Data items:
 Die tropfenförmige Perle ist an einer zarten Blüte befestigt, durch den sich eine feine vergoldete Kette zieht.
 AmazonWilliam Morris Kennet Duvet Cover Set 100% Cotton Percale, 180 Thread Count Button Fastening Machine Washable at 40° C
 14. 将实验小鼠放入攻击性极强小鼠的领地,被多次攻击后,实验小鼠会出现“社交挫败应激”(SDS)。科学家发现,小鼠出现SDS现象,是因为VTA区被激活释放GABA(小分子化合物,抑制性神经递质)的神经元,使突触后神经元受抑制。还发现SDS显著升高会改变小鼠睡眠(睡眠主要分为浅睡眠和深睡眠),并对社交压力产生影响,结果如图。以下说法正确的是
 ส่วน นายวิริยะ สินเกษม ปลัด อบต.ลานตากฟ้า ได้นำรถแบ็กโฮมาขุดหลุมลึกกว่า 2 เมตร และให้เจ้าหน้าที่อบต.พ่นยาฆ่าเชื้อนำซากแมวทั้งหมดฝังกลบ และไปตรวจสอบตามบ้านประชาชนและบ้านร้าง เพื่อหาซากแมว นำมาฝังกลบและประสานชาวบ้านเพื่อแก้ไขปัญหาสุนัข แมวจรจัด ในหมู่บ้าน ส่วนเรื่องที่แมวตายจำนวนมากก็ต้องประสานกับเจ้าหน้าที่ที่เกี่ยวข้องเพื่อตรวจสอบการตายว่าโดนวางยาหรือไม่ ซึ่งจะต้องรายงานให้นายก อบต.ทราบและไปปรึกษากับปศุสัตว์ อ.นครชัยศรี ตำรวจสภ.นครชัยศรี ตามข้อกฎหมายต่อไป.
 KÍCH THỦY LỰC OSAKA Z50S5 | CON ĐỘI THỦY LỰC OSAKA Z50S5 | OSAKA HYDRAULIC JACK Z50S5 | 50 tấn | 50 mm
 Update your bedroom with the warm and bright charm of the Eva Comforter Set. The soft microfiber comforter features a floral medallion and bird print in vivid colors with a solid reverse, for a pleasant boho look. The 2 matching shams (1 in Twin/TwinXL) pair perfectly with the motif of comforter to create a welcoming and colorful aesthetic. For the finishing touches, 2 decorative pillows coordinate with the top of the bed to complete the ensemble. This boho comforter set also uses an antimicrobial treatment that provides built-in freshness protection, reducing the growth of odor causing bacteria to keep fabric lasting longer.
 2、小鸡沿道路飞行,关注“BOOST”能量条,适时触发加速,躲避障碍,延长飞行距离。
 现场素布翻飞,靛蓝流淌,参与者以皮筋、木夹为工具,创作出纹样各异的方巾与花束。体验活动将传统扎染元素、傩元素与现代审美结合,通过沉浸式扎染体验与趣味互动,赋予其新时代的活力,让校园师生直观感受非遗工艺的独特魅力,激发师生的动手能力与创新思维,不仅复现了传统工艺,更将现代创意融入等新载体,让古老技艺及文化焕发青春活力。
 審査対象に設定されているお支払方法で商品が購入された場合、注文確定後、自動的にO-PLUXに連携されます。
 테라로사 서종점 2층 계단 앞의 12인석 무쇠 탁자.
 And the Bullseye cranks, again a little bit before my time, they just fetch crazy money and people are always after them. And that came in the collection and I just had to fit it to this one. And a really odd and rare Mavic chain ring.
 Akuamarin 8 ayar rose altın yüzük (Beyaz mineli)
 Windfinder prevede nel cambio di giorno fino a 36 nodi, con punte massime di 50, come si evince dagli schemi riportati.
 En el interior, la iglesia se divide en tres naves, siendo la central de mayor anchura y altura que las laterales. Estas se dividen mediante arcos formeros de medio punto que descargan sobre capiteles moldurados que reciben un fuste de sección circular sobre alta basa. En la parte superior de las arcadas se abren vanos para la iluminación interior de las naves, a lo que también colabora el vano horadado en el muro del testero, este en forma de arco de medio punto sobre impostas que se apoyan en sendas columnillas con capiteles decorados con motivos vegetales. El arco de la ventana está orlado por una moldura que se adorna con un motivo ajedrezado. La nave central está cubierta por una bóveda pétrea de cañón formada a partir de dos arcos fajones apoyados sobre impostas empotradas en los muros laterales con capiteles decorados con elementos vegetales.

Try it: Look through the data above and return exactly the lines from the one that contains "ส่วน นายวิริยะ สินเกษม" to the one that contains "KÍCH THỦY LỰC", inclusive, with nothing else.

Result of this exercise:
 ส่วน นายวิริยะ สินเกษม ปลัด อบต.ลานตากฟ้า ได้นำรถแบ็กโฮมาขุดหลุมลึกกว่า 2 เมตร และให้เจ้าหน้าที่อบต.พ่นยาฆ่าเชื้อนำซากแมวทั้งหมดฝังกลบ และไปตรวจสอบตามบ้านประชาชนและบ้านร้าง เพื่อหาซากแมว นำมาฝังกลบและประสานชาวบ้านเพื่อแก้ไขปัญหาสุนัข แมวจรจัด ในหมู่บ้าน ส่วนเรื่องที่แมวตายจำนวนมากก็ต้องประสานกับเจ้าหน้าที่ที่เกี่ยวข้องเพื่อตรวจสอบการตายว่าโดนวางยาหรือไม่ ซึ่งจะต้องรายงานให้นายก อบต.ทราบและไปปรึกษากับปศุสัตว์ อ.นครชัยศรี ตำรวจสภ.นครชัยศรี ตามข้อกฎหมายต่อไป.
 KÍCH THỦY LỰC OSAKA Z50S5 | CON ĐỘI THỦY LỰC OSAKA Z50S5 | OSAKA HYDRAULIC JACK Z50S5 | 50 tấn | 50 mm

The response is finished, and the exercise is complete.